Continuous data and salivary cortisol concentrations are shown as mean and standard deviation. We first assessed the normality of distribution using the Kolmogorov–Smirnov Z test, and then compared the groups using the Student’s t test for unpaired data with the correct P value adjusted after the Levene’s test for equality of variances; Spearman r test was used to assess logistic regression among variables. SE and SP were calculated at different cut-off levels to perform Receiver Operating Curve (ROC) analyses, and positive and negative predictive values (respectively, PPV and NPV) were calculated. We calculated also the positive and negative likelihood ratios (LRpos and LRneg), since they are independent from disease prevalence. LRpos value > 10 is large and often conclusive, values of 5–10 are moderate, and those in the range of 2–5 are small and increases in the likelihood of disease. LRneg levels of 0.2–0.5 indicate small, 0.1–0.2 moderate, and < 0.1 conclusive decreases in the likelihood of disease [16]. The 95% CI for LRpos and LRneg was calculated with the Simel et al.’s method [17].

Linear regression was used to examine the relationship between UFF or UFF/UFE and age. Statistical analysis was performed using the SPSS 16 software package (SPSS, Inc, Chicago, IL, USA). The significance level was set at a p value < 0.05 for all the tests.

Results

Patients with suspected CS, CS, and non-CS, presented higher LNSC levels than control group (Table 1, Fig. 2). Only one subjects with a final diagnosis of CS, as depicted in Fig. 3, presented normal LNSC. On the other hand, we found a large number of false-positive results: 35 out of 81 subjects with increased LNSC were non-CS (15 diabetic and 20 obese patients). LNSC was similar among control group and patients with adrenal incidentaloma. The diagnostic accuracy of LNSC (and other tests when performed according to our protocol) is reassumed in Table 2. All patients with CS presented at diagnosis with unsuppressed serum cortisol after 1-mg DST; only one revealed normal MSC (UFC and LNSC both increased) and one normal UFC (and impaired cortisol rhythm).

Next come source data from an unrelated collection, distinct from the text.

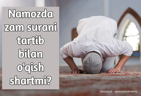 Сураларни тартиби бўйича ўқиш вожиб бўлса ҳам, намоз ўқувчи тартиби билан ўқишни тарк қилиши туфайли унга ҳеч нарса лозим бўлмайди. Чунки сураларни тартиби бўйича ўқиш намоз вожибларидан бўлган аслий вожиб эмас…- Тошкент Ислом институти ўқитувчиси Абдулқодир Абдур Раҳим,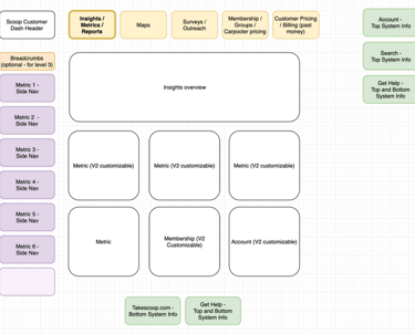 Before I started working on designs, our UX researcher interviewed contacts at eleven of our existing customers to understand what they would need and expect from a Scoop reporting dashboard, both immediately and long term. She identified 19 themes for needs that customers had including visibility into program usage, tools for program expansion, and blocking former employees from using the service.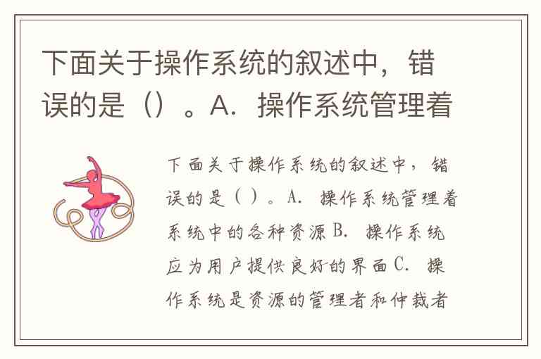 下面关于操作系统的叙述中,错误的是()。A.操作系统管理着系统中的各种资源 B.操作系统应为用户提供良好的界面 C.操作系统是资源的管理者和仲裁者 D.操作系统是计算机系统中的一个应用软件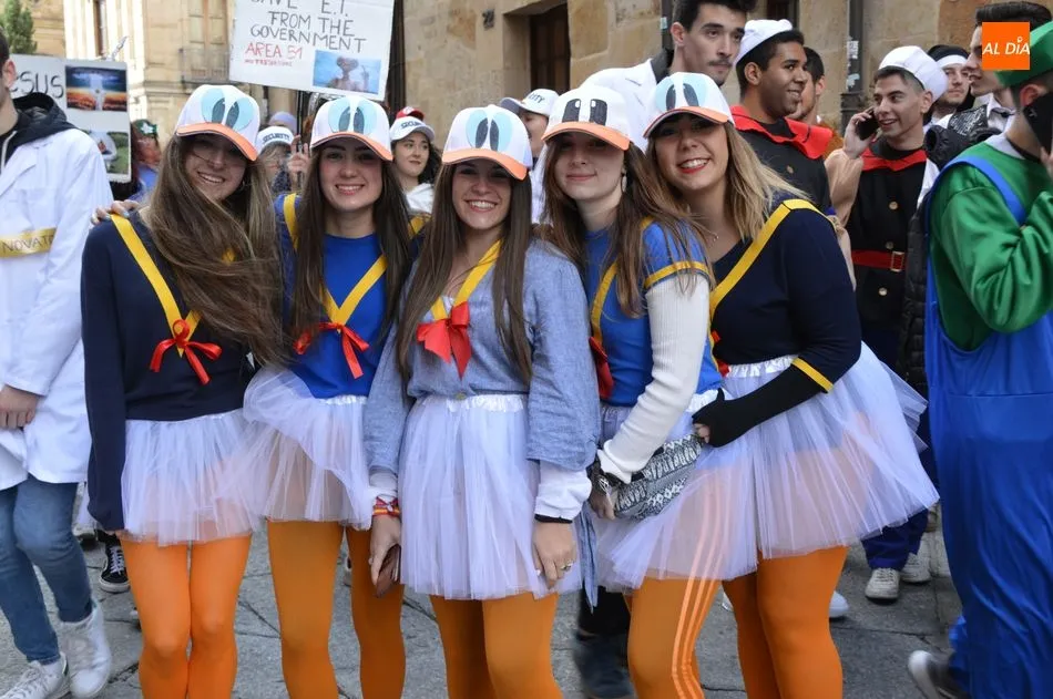 Estudiantes de las facultades de Ciencias y de Ciencias Químicas de la Universidad de Salamanca se disfrazaban este jueves para celebrar la festividad de San Alberto Magno. Así, hemos podido ver hadas, superhéroes, egipcias, guerreras, cocodrilos y hasta conejitos por las calles del casco histórico.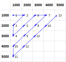 Undersøge tal 2001 - 5000 i skridt 1 - 1000.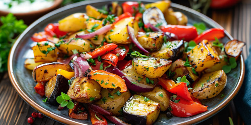Ofen-Bunte Schwenkkartoffel-Gemüsepfanne mit Joghurt-Kräuter-Creme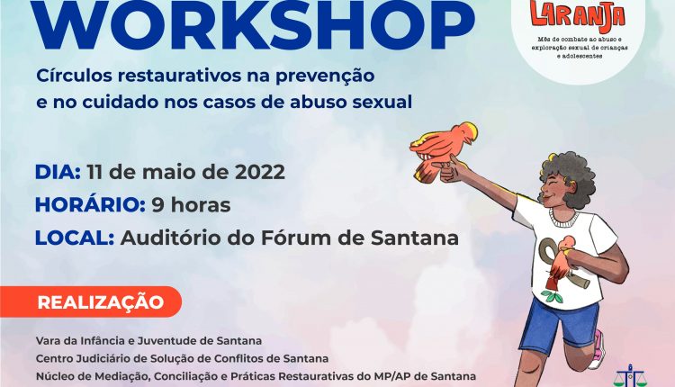 Como parte da programação do Maio Laranja, Mês de Combate ao Abuso e Exploração Sexual de Crianças e Adolescentes, o plenário do Fórum de Santana será palco, nesta quarta-feira (11), das 9h às 11h, do Workshop: os Círculos de Restauração na Prevenção e no Cuidado nos Casos de Abuso Sexual. A realização é da Vara da Infância e Juventude de Santana, do Centro Judiciário de Solução de Conflitos de Santana, do Núcleo de Mediação, Conciliação e Práticas Restaurativas do MP/AP de Santana e da Secretaria de Educação do Estado (projeto E-PAZ).

Table 1 Late Night Salivary Cortisol (LNSC) levels measured with chemiluminescence (CLIA) assay in the whole cohort
Fig. 2
figure 2

Scatter plot of LNSC (measured with CLIA, dotted line represents the cut-off 16 nmol/L) levels in the different populations: 117 control group and 164 suspected CS (obesity n = 61, diabetes n = 27, adrenal incidentaloma n = 29, CS n = 47)

Fig. 3
figure 3

Study design

Table 2 Diagnostic accuracy of Late Night Salivary Cortisol (LNSC, measured with chemiluminescence assay, CLIA) and other first-line tests for Cushing’s Syndrome (CS) in our patients, according to selection criteria

Considering non-CS (n = 75, 40 with normal and 35 with increased LNSC), the number of false-positive results was high: less than half patients presented with a normal result of all the first-line screening test (LNSC, MSC, UFC, and 1-mg DST); 44% revealed increased UFC, 27% impaired MSC, and 15% unsuppressed serum cortisol after 1-mg DST. The combination of all tests did not result in a diagnostic improvement.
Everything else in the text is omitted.